The "fluff" I was talking about is all the contentless puff comments that
appeared, couched in un-HN-ish language: I guess they are a fan club from some
SEO social network or another.

------
dshah
Rand is a great entrepreneur and one of the world's foremost authorities on
inbound marketing.

If you're a startup founder, you should watch this video. It's great content,
well delivered.

------
iradik
What a great speaker Rand is. Definitely makes me interested in the service.
Loved the examples of real marketing such as urbnspoon, dropbox, seomoz, and
simply hired.

Also, he gave 2 months of his svc away for free for the talk:
<http://www.seomoz.org/partners/hackers> \- Found this in the hackers and
founders site.

------
firefox
This is a fantastic presentation, it brought me from a "I want to shoot
myself" mood to "oh yeah there's hope!"

------
BrentonG
Rand killed it last night!
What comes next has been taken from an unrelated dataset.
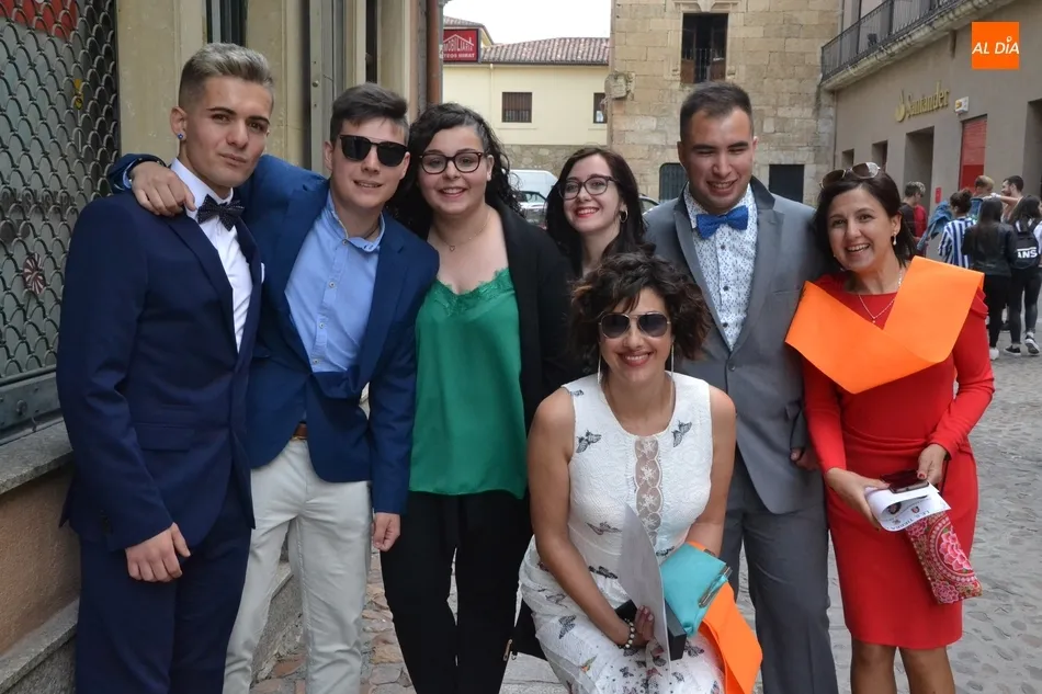 Concluida una ceremonia que ?hemos intentado hacer amena y diferente?, como apuntó para cerrar Ismael, uno de los presentadores, llegó el momento de hacer un sinfín de fotos de familia en el hall del Teatro y a las puertas del mismo antes de irse de celebración.

Well balanced talk from story, strategy to
tactics...extremely powerful to see the juxtaposition of paid and inbound
marketing. Earned media converts so much better on all levels. However he
didn't talk about the speed of user acquisition...comparing both channels.

------
tuomasb
I think it's a bit ironic given the nature of the talk that the link on the
video page to seomoz.org has rel="nofollow" while comments down below don't
have. No link juice for those who provide content(talk) and all the link juice
for commenters.

------
dontbelame
My personal favorite is towards the end of the talk when Rand left great tips
(the last 15 minutes or so before QnA) The top 10 ways to get in bound traffic
are practical and insightful for any early stage startup. It kicks ass!

------
portentint
"You can't just do awesome shit in your products"

Amen!